The indifference to, or outright hostility toward, the poor as freeloaders on hard-working people also more closely tracks European fascism than it does American founding principles and ideas. Part of the “smaller government” message of Tea Partiers, that I encounter in virtually every interaction, is some statement about how the left insists on taking money away from those who earn it to give it to those who are too lazy to work. This characterization is, of course, far removed from reality, in which poverty exists for a multitude of structural reasons, has far more to do with the chances of birth than with individual merit and effort, and involves tremendous suffering by the most innocent members of society, our children. But the complete absence of empathy, or of understanding of the realities of the problems we face, combined with antipathy toward intellectuals (and particularly empathetic intellectuals) who accept the social responsibility of seeking systemic ways to address those problems, makes our Tea Partiers far more analogous to Fascists than to American Revolutionaries.

But certainly the Tea Partiers aren’t totalitarians; that would seem to be the exact opposite of what they stand for, right? Wrong. Opposition to government per se, and liberal use of the word “liberty,” do not necessarily imply a movement that is not essentially totalitarian, even if unbeknownst to the majority of its adherents. The Russian peasants that facilitated the Boleshevik revolution were trying to oust an oppressive government, not usher one in. And they made the same exact mistake that our modern Tea Partiers do, and that our American Revolutionaries did not: They look more to the promises of people who claim to represent their interests, than to the careful design of social institutions, to ensure that their interests are being addressed.

The Tea Partiers ignore completely what social scientists call “the agency problem,” the challenge of aligning the interests of agents (elected officials) with those of the principal (those they represent), instead happily and haplessly investing all of their faith in those who claim to be their champions. They are, as cognitive scientist George Lakoff noted in his book The Political Mind, actually inherently driven more by an authoritarian ideology than by one committed to liberty, though they clothe that authoritarianism in a professed commitment to liberty.
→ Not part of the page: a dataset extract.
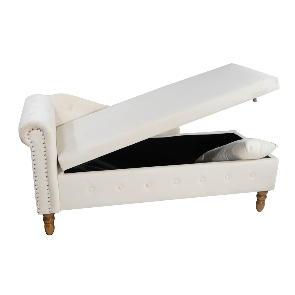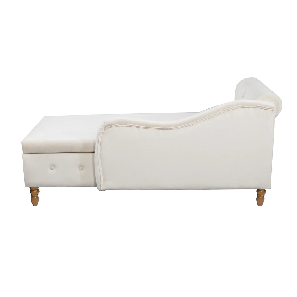 Beige Velvet Classic Storage Chaise Lounge Chair

The Tea Party does not object to government as an oppressor of the downtrodden, but rather as an ally of the downtrodden, perceiving this commitment as an infringement on the advantages enjoyed by those who have drawn an at least adequate lot in life. It is a movement heavily funded by corporate wealth, which sees in this opposition to an empathetic government a population that will complacently allow corporate America to continue its advance in the recapture of government as an agent of the most privileged at the expense of the least privileged, rather than as an agent of the populace as a whole, striving to preserve the robustness of our economy, while addressing the demands of increased equality of opportunity and sustainability. 
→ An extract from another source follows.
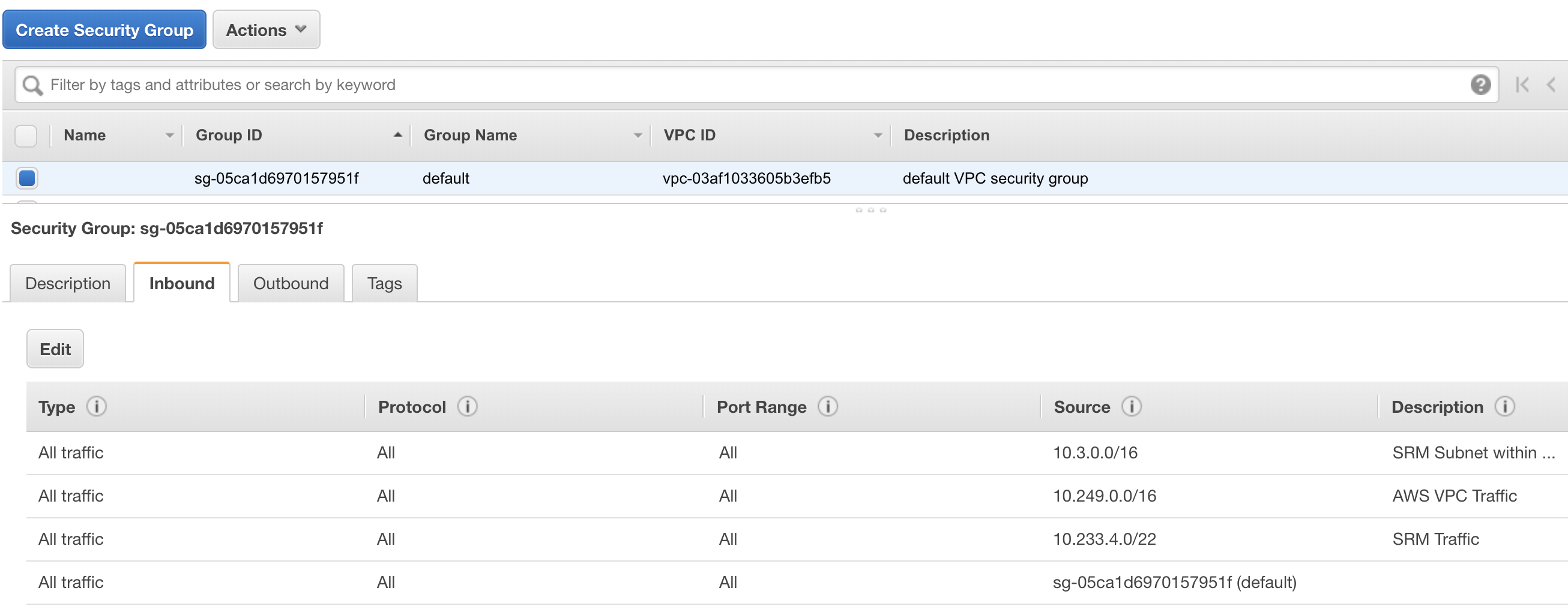 The last one is an example of a resource in AWS that is trying to communicate to VMC resources. AWS requires that a security group (even an allow all group) be assigned to each EC2 instance that is deployed. In fact as of the time of this post, you can add five security groups to an EC2 instance at a time. This is the same type of security group that was applied earlier to the ENI for the VMware Cloud Gateway. This firewall rule is optional unless you want your EC2 instances to be able to communicate with your VMC environment. If you require VM to EC2 instance connectivity it must be configured.

What brought this comparison to mind today was an article in The Economist on Germany’s resurgence, and the angst associated with it due to Germany’s unavory mid-20th Century past (http://www.economist.com/node/17305755). As I was reading the description of the kinds of xenophobic, scape-goating attitudes that Germany has actually in recent times managed to exhibit to a far lesser rather than greater degree than many other nations (most notably The United States), but that any trace of which still raise concerns among Europeans about a resurgent Germany, I couldn’t help but think “if those trends concern you, they should concern you where they are currently most robust: in The United States of America.”